* _TASK DIRECTIONS_: In the entries below, find the line with "近日,青岛市委经济运行应急保" and print exactly every line from there up to and including the line with "매장, 공항 로밍센터 |", with no other lines.

* _DATA FOR THE TASK_:

+++++

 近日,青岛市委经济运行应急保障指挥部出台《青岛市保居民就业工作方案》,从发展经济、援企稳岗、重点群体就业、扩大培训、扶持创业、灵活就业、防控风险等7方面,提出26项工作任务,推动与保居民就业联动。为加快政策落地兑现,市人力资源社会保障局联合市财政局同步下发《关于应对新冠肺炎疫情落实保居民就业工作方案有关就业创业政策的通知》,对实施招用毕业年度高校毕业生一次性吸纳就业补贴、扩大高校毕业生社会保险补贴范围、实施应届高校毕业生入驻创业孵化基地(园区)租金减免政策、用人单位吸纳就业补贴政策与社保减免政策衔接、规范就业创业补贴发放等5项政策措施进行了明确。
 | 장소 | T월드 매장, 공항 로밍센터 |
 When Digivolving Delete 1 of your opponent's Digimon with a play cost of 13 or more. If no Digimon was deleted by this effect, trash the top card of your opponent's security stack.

+++++

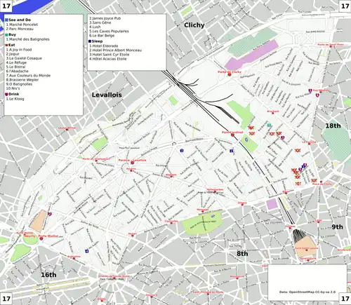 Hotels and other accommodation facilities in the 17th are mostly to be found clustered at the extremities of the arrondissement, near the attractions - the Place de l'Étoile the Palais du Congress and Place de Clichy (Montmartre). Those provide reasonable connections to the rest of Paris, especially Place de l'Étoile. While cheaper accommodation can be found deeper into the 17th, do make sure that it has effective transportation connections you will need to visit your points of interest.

+++++

* _EXERCISE RESPONSE_:
 近日,青岛市委经济运行应急保障指挥部出台《青岛市保居民就业工作方案》,从发展经济、援企稳岗、重点群体就业、扩大培训、扶持创业、灵活就业、防控风险等7方面,提出26项工作任务,推动与保居民就业联动。为加快政策落地兑现,市人力资源社会保障局联合市财政局同步下发《关于应对新冠肺炎疫情落实保居民就业工作方案有关就业创业政策的通知》,对实施招用毕业年度高校毕业生一次性吸纳就业补贴、扩大高校毕业生社会保险补贴范围、实施应届高校毕业生入驻创业孵化基地(园区)租金减免政策、用人单位吸纳就业补贴政策与社保减免政策衔接、规范就业创业补贴发放等5项政策措施进行了明确。
 | 장소 | T월드 매장, 공항 로밍센터 |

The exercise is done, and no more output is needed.